So to the present day. American and British troops leave Iraq a changed place. Its future as a sovereign secular democratic nation is uncertain; but as President Obama reminded us, the responsibility for Iraq’s security is now in their own hands. We must hope that they will be up to the challenges that face them, and that the sacrifices in blood (3,000 American and 200 British lives) and treasure ($3 trillion) made to re-establish a free Iraq, were not in vain.(13) The descendants of the great civilisation of Mesopotamia might find hope in the example of Britannia in Late Antiquity. The descendants of those Romano-Britons who witnessed the withdrawal of the legions 1,600 years ago lived through great changes, much of it violent and harsh, but in time they created a strong and vibrant nation that went on to change the world.

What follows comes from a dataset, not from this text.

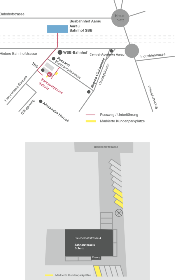 Unsere Zahnarztpraxis ist in unmittelbarer Nähe des Aarauer Bahnhofes situiert. Sie ist daher mit den öffentlichen Verkehrsmitteln (Bus, SBB oder WSB) vom Bahnhof Aarau aus bequem zu Fuss zu erreichen (max. 200m).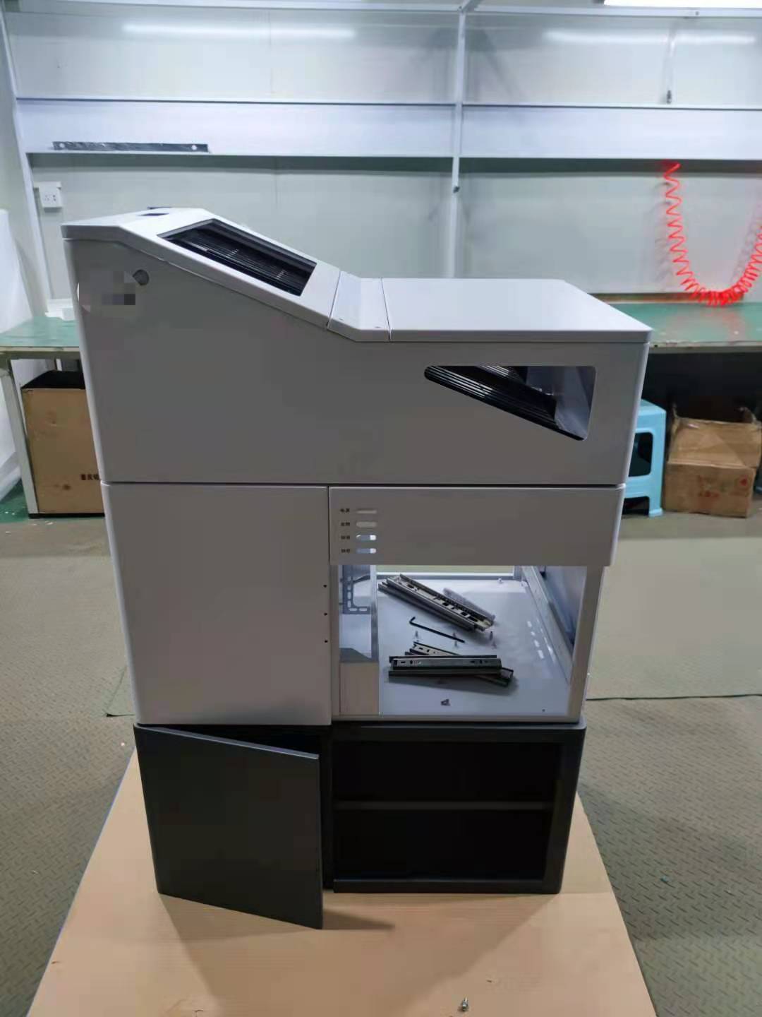這臺樣機總共400多個零件加工組裝完成,充分的體現了我們鈑金加工廠的加工工藝成熟,配套齊全,穩定。

"Defence of the West: a Late Roman Command in Western Britain Re-instated" is the subject of the 2010 Annual Caerleon Lecture presented by Dr Roger White of Birmingham University. The Lecture will be held at the Junior School Hall, Endowed School,Caerleon, on Thursday 23 September 2010 at 7.00pm. Afterwards ticket-holders will be invited to drink the legion’s health with a glass of wine in the National Roman Legion Museum. Members of the Ermine Street Guard will parade the vexillum, the legionary flag. For information go to http://www.museumwales.ac.uk/en/whatson/?event_id=4542 .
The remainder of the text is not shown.